Meta's Tweet: https://twitter.com/MetaAI/status/1587467591068459008

Abstract

>Artificial intelligence has the potential to open insight into the structure of proteins at the scale of evolution. It has only recently been possible to extend protein structure prediction to two hundred million cataloged proteins. Characterizing the structures of the exponentially growing billions of protein sequences revealed by large scale gene sequencing experiments would necessitate a breakthrough in the speed of folding. Here we show that direct inference of structure from primary sequence using a large language model enables an order of magnitude speed-up in high resolution structure prediction. Leveraging the insight that language models learn evolutionary patterns across millions of sequences, we train models up to 15B parameters, the largest language model of proteins to date. As the language models are scaled they learn information that enables prediction of the three-dimensional structure of a protein at the resolution of individual atoms. This results in prediction that is up to 60x faster than state-of-the-art while maintaining resolution and accuracy. Building on this, we present the ESM Metagenomic Atlas. This is the first large-scale structural characterization of metagenomic proteins, with more than 617 million structures. The atlas reveals more than 225 million high confidence predictions, including millions whose structures are novel in comparison with experimentally determined structures, giving an unprecedented view into the vast breadth and diversity of the structures of some of the least understood proteins on earth.

Comments

You must log in or register to comment.

timy2shoes t1_iunym8r wrote on November 1, 2022 at 7:32 PM

We've been testing out their embeddings for transfer learning tasks and they've been performing quite well. Better than previous embeddings that we have tested. The 15B parameter model though is a pain in the ass. Getting the embeddings requires a workaround that is difficult to implement. Probably not worth it in my opinion.

nivrams_brain t1_iuo3l24 wrote on November 1, 2022 at 8:03 PM

What kind of downstream tasks are you looking at?

timy2shoes t1_iuo4xa4 wrote on November 1, 2022 at 8:12 PM

ML-guided protein engineering.

nivrams_brain t1_iuo8d1h wrote on November 1, 2022 at 8:33 PM

Sounds cool, are you in academia or industry?

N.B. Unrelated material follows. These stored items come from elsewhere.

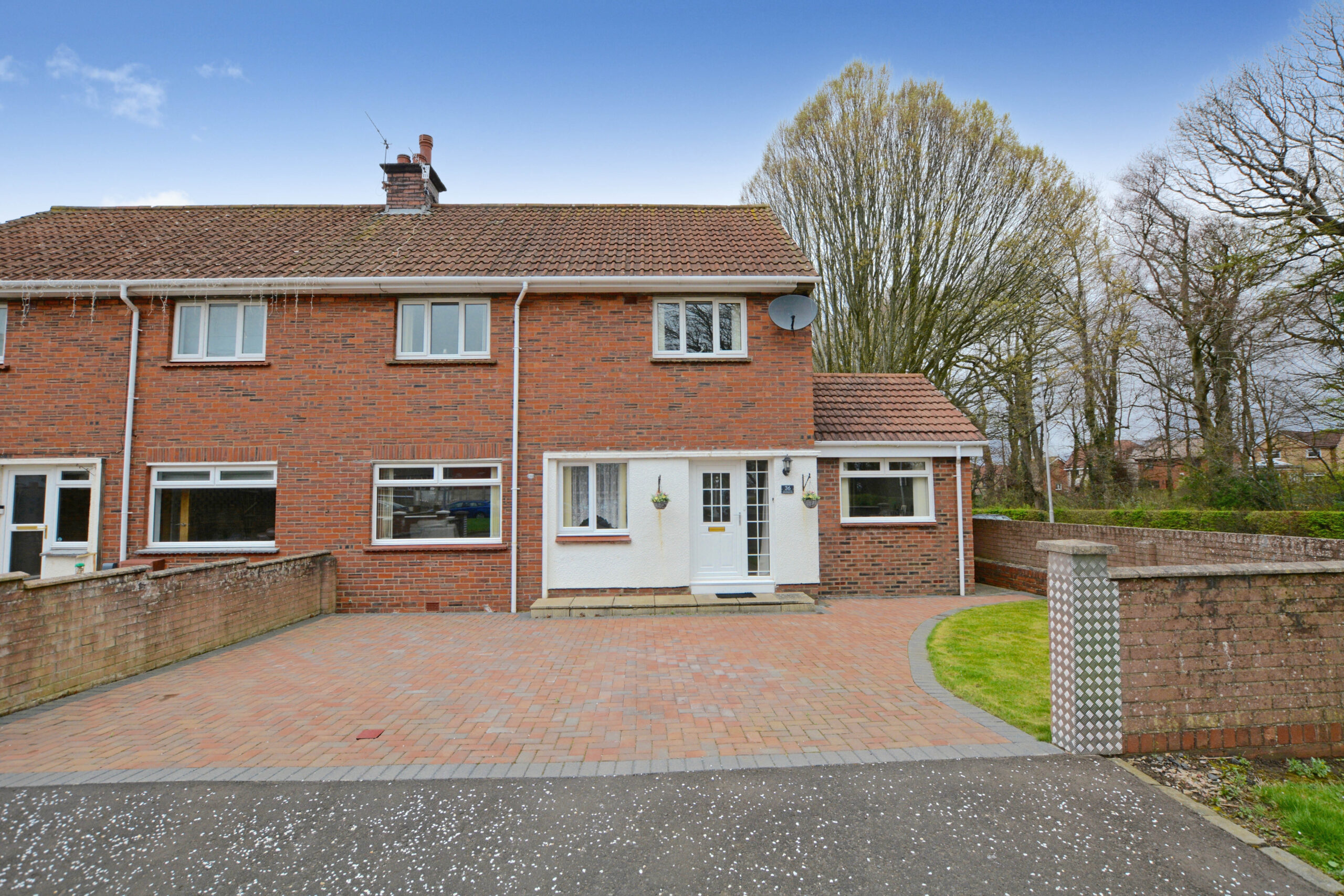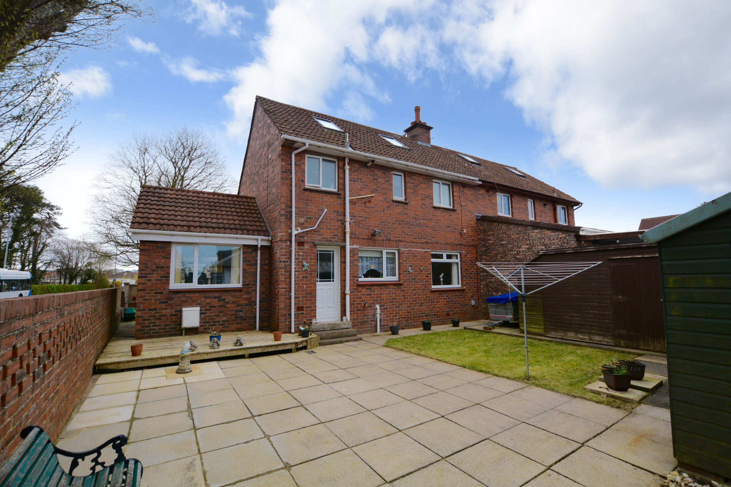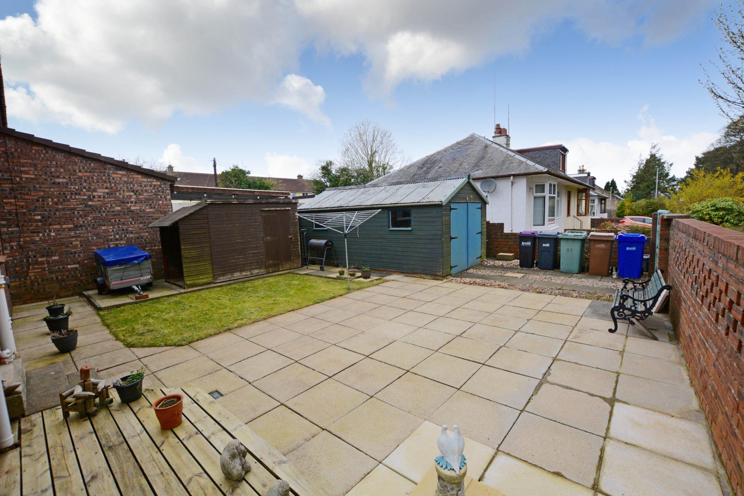 Externally the front garden is laid to lawn with block paved driveway parking providing off street parking for several vehicles. The enclosed rear garden also has an area laid to lawn with decked patio area and detached timber garage with gated entry from Dalmellington Road.
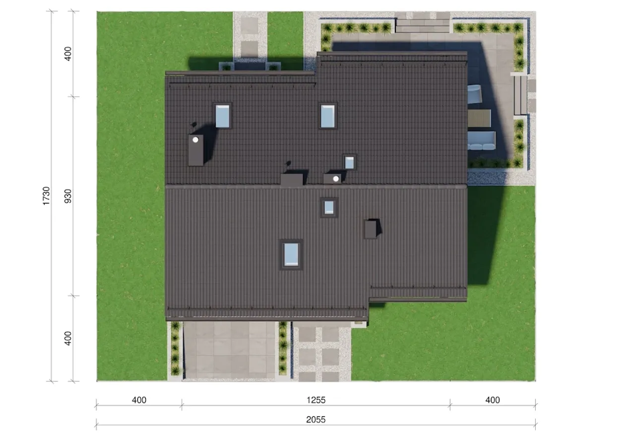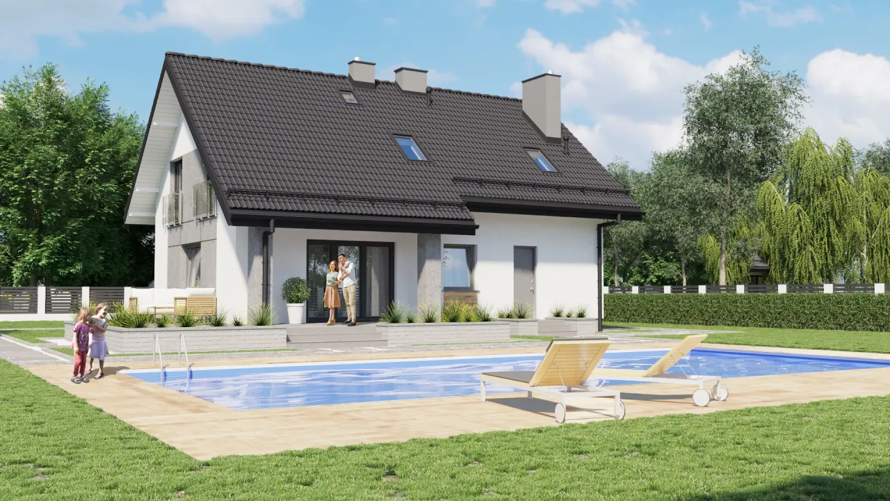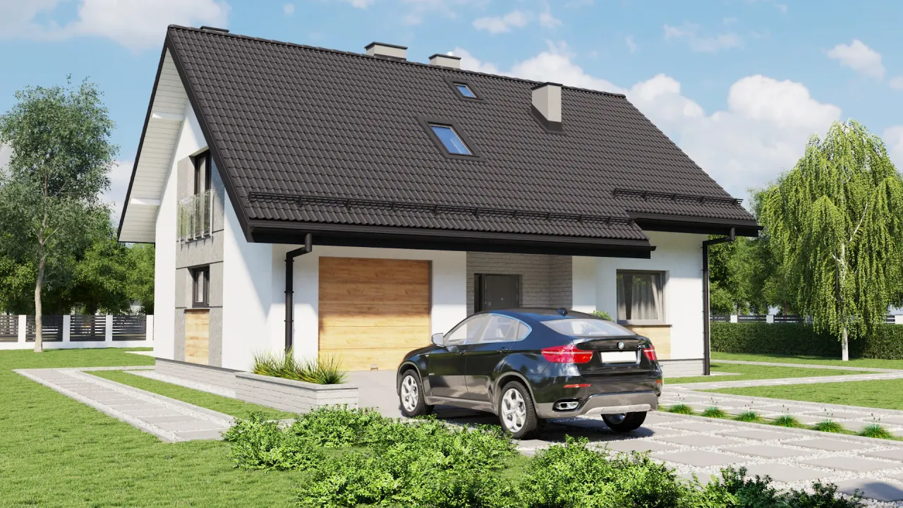 - Elewacje: wykończone tynkiem strukturalnym, płytką łupkową, drewnem naturalnym lub imitacją drewna.
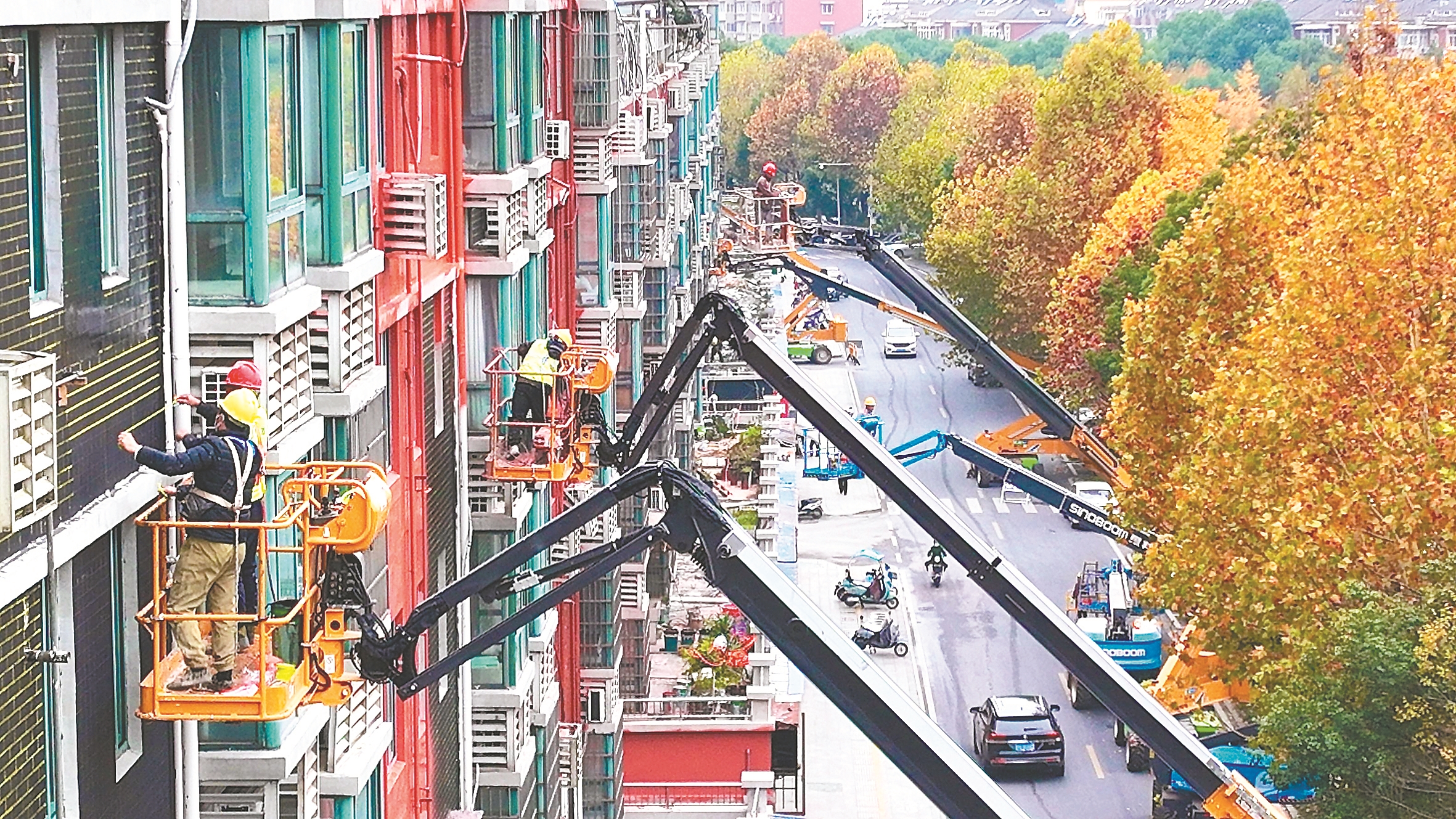 芜湖市繁昌区沿河南路阳光花园小区,施工人员在粉刷外墙,对老旧小区进行改造。本报通讯员 钱鸣 摄

timy2shoes t1_iuoafb9 wrote on November 1, 2022 at 8:46 PM

Industry

MangoGuyyy t1_iuq81od wrote on November 2, 2022 at 5:48 AM

What company, I’m curious

[deleted] t1_iupief7 wrote on November 2, 2022 at 1:51 AM

[deleted]

ROFLLOLSTER t1_iupsskm wrote on November 2, 2022 at 3:11 AM

> requires a workaround that is difficult to implement

What workaround? I've also been working with ESM and tried the 15B parameter variant. It seemed worse than the 3B in my tests, but maybe I just missed the problem?

timy2shoes t1_iuptv7y wrote on November 2, 2022 at 3:20 AM

We had to do a workaround to fit the 15b parameter model on a p3.8xlarge instance.

> I've also been working with ESM and tried the 15B parameter variant.

Huh. We’ve noticed the same thing. Interesting that others are having the same problem.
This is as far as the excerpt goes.